INFORMATION SHOWN >>
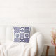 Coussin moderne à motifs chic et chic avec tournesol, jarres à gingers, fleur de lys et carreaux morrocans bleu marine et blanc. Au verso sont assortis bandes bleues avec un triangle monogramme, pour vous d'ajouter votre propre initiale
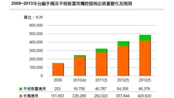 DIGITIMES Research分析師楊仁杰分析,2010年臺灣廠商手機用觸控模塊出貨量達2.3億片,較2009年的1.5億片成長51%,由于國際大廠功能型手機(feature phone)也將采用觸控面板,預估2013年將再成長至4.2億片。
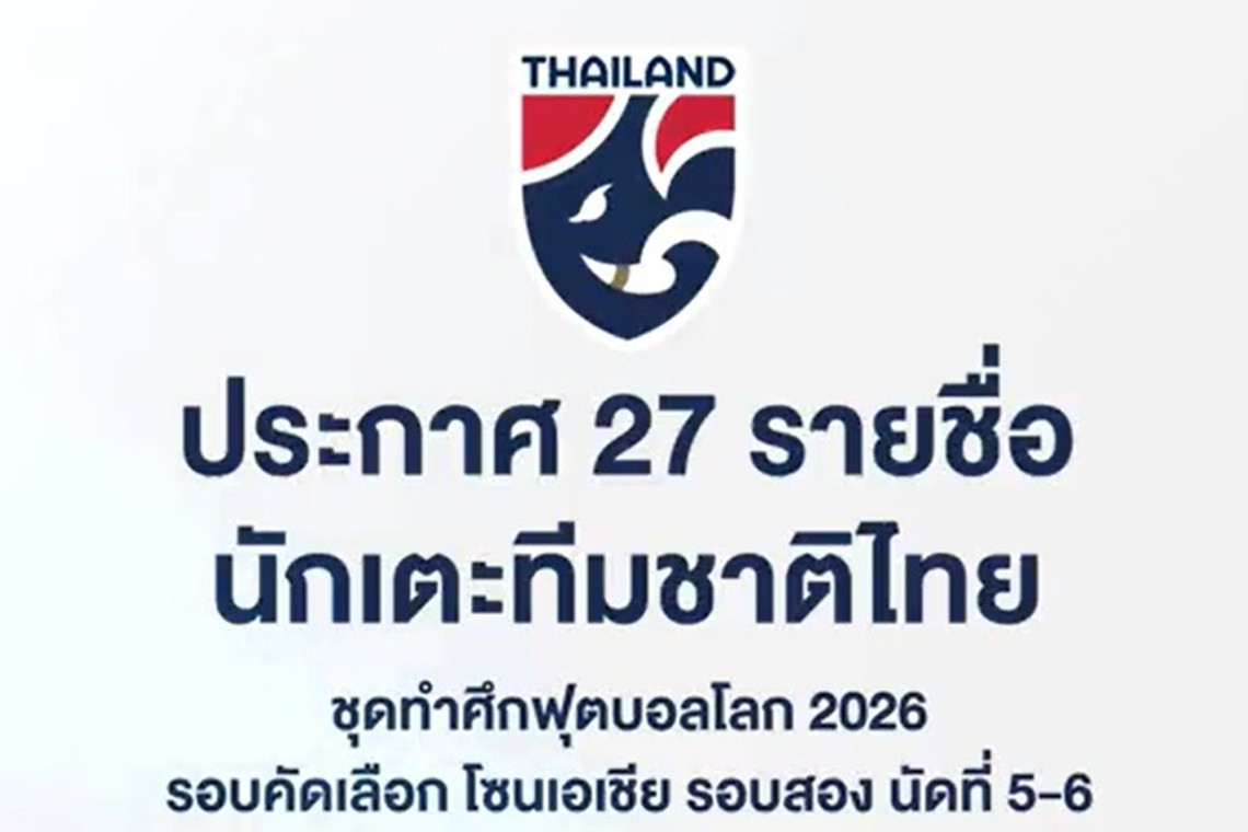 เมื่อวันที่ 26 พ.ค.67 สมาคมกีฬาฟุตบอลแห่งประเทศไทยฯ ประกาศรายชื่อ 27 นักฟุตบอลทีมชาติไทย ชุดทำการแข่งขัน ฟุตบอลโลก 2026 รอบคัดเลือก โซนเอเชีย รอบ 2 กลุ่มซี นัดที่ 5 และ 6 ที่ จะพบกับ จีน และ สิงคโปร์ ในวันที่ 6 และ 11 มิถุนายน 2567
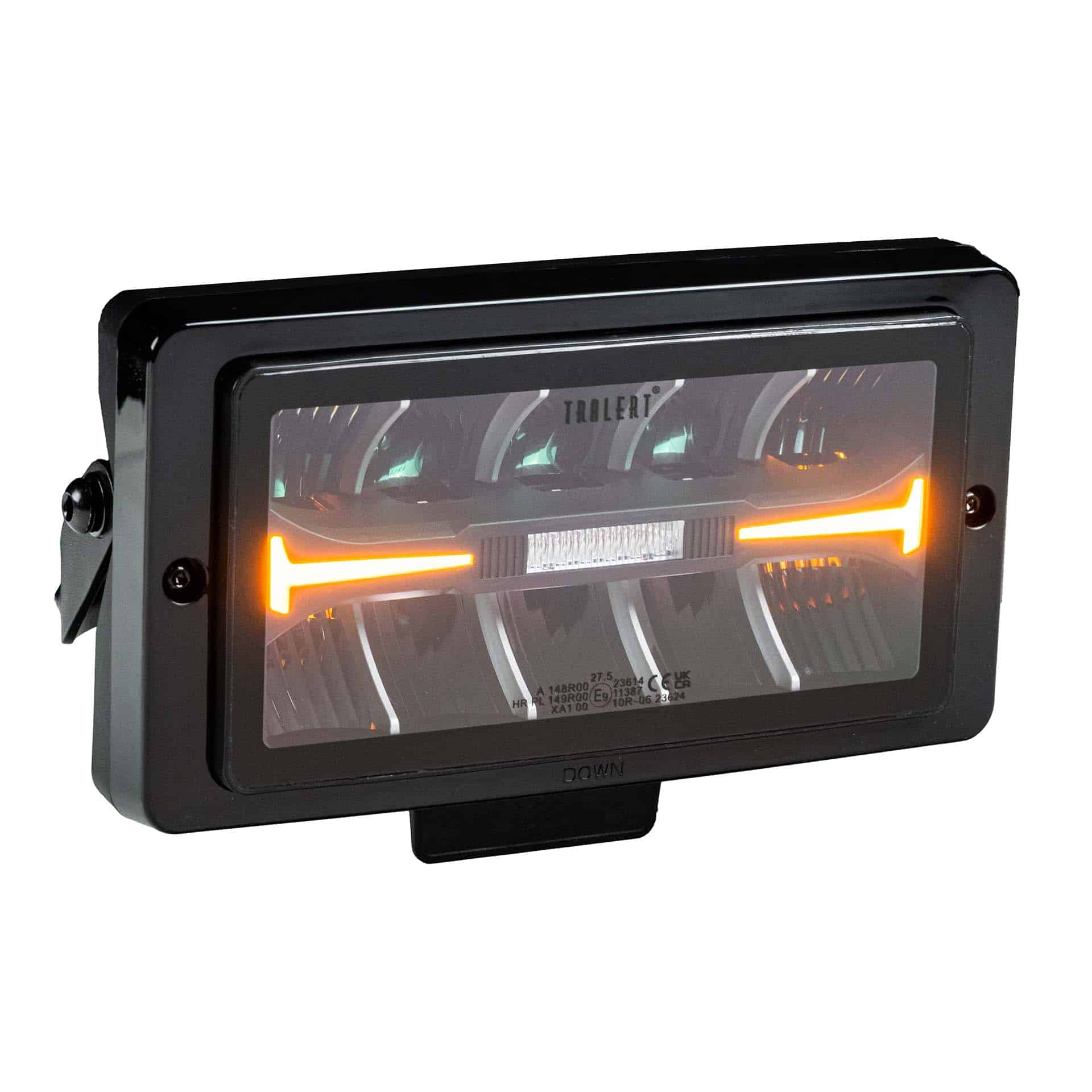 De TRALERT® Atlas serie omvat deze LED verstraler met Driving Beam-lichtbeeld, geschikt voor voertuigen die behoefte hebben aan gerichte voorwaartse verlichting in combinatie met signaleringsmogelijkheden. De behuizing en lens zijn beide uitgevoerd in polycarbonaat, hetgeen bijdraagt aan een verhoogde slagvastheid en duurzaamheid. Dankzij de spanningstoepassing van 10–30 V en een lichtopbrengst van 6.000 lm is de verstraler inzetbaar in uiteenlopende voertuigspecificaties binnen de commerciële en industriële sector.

TASK INSTRUCTIONS >> Retype each line above exactly. Leave the images out.

FINISHED TASK >>
 Coussin moderne à motifs chic et chic avec tournesol, jarres à gingers, fleur de lys et carreaux morrocans bleu marine et blanc. Au verso sont assortis bandes bleues avec un triangle monogramme, pour vous d'ajouter votre propre initiale
 DIGITIMES Research分析師楊仁杰分析,2010年臺灣廠商手機用觸控模塊出貨量達2.3億片,較2009年的1.5億片成長51%,由于國際大廠功能型手機(feature phone)也將采用觸控面板,預估2013年將再成長至4.2億片。
 เมื่อวันที่ 26 พ.ค.67 สมาคมกีฬาฟุตบอลแห่งประเทศไทยฯ ประกาศรายชื่อ 27 นักฟุตบอลทีมชาติไทย ชุดทำการแข่งขัน ฟุตบอลโลก 2026 รอบคัดเลือก โซนเอเชีย รอบ 2 กลุ่มซี นัดที่ 5 และ 6 ที่ จะพบกับ จีน และ สิงคโปร์ ในวันที่ 6 และ 11 มิถุนายน 2567
 De TRALERT® Atlas serie omvat deze LED verstraler met Driving Beam-lichtbeeld, geschikt voor voertuigen die behoefte hebben aan gerichte voorwaartse verlichting in combinatie met signaleringsmogelijkheden. De behuizing en lens zijn beide uitgevoerd in polycarbonaat, hetgeen bijdraagt aan een verhoogde slagvastheid en duurzaamheid. Dankzij de spanningstoepassing van 10–30 V en een lichtopbrengst van 6.000 lm is de verstraler inzetbaar in uiteenlopende voertuigspecificaties binnen de commerciële en industriële sector.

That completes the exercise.